## [DATA]
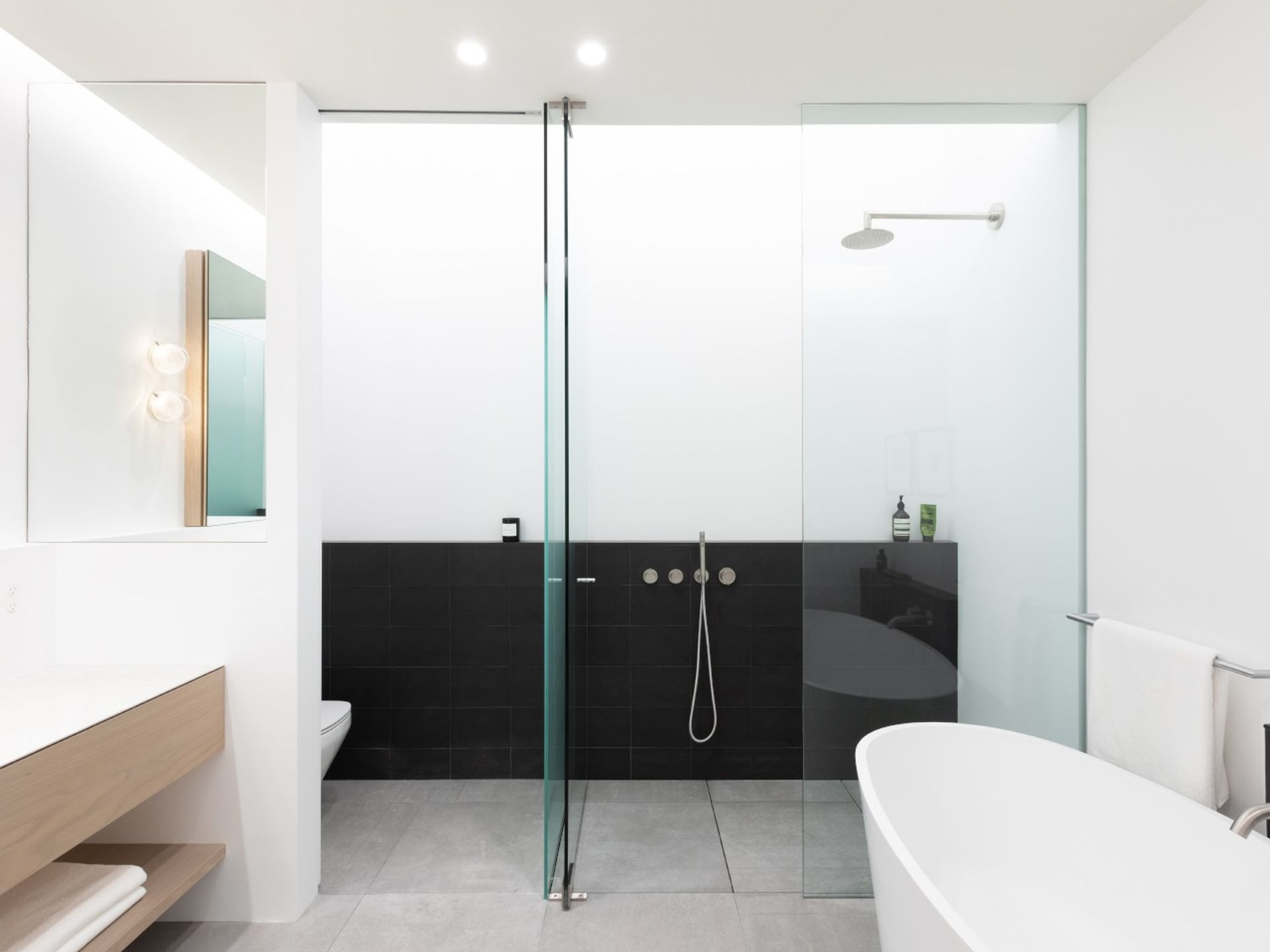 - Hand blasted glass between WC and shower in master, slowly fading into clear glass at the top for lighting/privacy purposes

...

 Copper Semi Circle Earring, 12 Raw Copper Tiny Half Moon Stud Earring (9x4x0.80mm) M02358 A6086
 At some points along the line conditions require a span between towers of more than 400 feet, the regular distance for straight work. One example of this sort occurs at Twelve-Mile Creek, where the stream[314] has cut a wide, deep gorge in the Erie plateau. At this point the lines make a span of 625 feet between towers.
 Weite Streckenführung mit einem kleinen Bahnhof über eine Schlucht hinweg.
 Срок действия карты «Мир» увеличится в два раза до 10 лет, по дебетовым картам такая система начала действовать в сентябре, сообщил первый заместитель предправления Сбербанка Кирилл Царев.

## [REQUIRED WORK]
From the records above, reproduce exactly the lines from the one with "Weite Streckenführung mit" to the one with "Срок действия карты", both included, and no others.

## [THE ANSWER]
 Weite Streckenführung mit einem kleinen Bahnhof über eine Schlucht hinweg.
 Срок действия карты «Мир» увеличится в два раза до 10 лет, по дебетовым картам такая система начала действовать в сентябре, сообщил первый заместитель предправления Сбербанка Кирилл Царев.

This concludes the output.